As with everything in today’s market, the cost of planting a new acre of grapes is significantly increased, he said, and AgriLife Extension provides an educational role on science-based best management practices for this region to help with efficiencies and offer potential new growers a realistic idea of what to expect.
“We offer educational material in multiple forms, from in-person workshops to virtual events, to hands-on demonstrations to research projects across the entire state,” Hillin said. “We also interact with industry personnel to provide up-to-date, science-based, educational presentations. We give industry updates to lawmakers and interact with other Extension personnel at the national level.”
“We also offer onsite visits; we are the only university in Texas that offers this service,” he said.
Many of the AgriLife Extension projects are highlighted at the annual Newsome Grape Day. This year’s event is set for 8 a.m. to 4 p.m. April 29 in Plains. The event draws growers, wineries and industry professionals from all over Texas and the country.
Wine and grape growing future in the High Plains
There’s big potential for Texas wines, Helwi said, especially now that they are more present on the world market.
“Texas wine is getting a lot of attention and gaining a lot of gold medals in international competition,” he said. “This is because of the improvement of the quality and how we grow grapes. At Texas A&M, we are offering a lot of great educational programs and onsite visits to help growers produce better grapes and better wines. We are also conducting the research needed to answer their questions.”

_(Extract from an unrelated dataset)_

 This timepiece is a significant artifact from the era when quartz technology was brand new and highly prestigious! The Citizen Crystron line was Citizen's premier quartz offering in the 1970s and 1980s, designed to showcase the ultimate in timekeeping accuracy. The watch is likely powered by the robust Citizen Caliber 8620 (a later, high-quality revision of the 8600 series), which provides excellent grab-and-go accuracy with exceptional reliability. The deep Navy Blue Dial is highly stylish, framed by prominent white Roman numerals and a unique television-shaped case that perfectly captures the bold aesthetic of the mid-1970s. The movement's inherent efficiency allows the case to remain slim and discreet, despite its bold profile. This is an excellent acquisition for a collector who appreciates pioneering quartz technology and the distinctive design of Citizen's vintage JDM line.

Helwi said that in the past six years, “I think the quality of our education programs and presence with the growers in the vineyards helped a lot, mainly in their selection of varieties, disease identification and best management practices.”
It did help, he said, that the team was working with experienced growers who found the AgriLife Extension specialists very helpful, mainly because they were conducting important research for this region and delivering science-based data.

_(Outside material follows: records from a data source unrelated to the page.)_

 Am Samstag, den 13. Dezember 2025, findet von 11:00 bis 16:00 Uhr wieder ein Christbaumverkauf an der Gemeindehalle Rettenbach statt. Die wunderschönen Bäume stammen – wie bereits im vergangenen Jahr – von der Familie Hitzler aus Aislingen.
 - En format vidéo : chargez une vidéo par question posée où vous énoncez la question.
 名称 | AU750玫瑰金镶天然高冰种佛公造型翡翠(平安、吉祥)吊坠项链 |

“This was very appreciated,” Helwi said. “Everything we say is science based, and we were also present next to prospective growers and new growers to guide them through the establishment of the vineyards. I think growers really appreciate that.”
Helwi estimates that the number of wineries in the High Plains has doubled in the last few years. And, of course, there’s also more demand for High Plains’ grapes for the growing Texas industry.
“Because there’s good potential here,” Helwi said. “The grapes are great quality, and consumers ask for Texas wine.”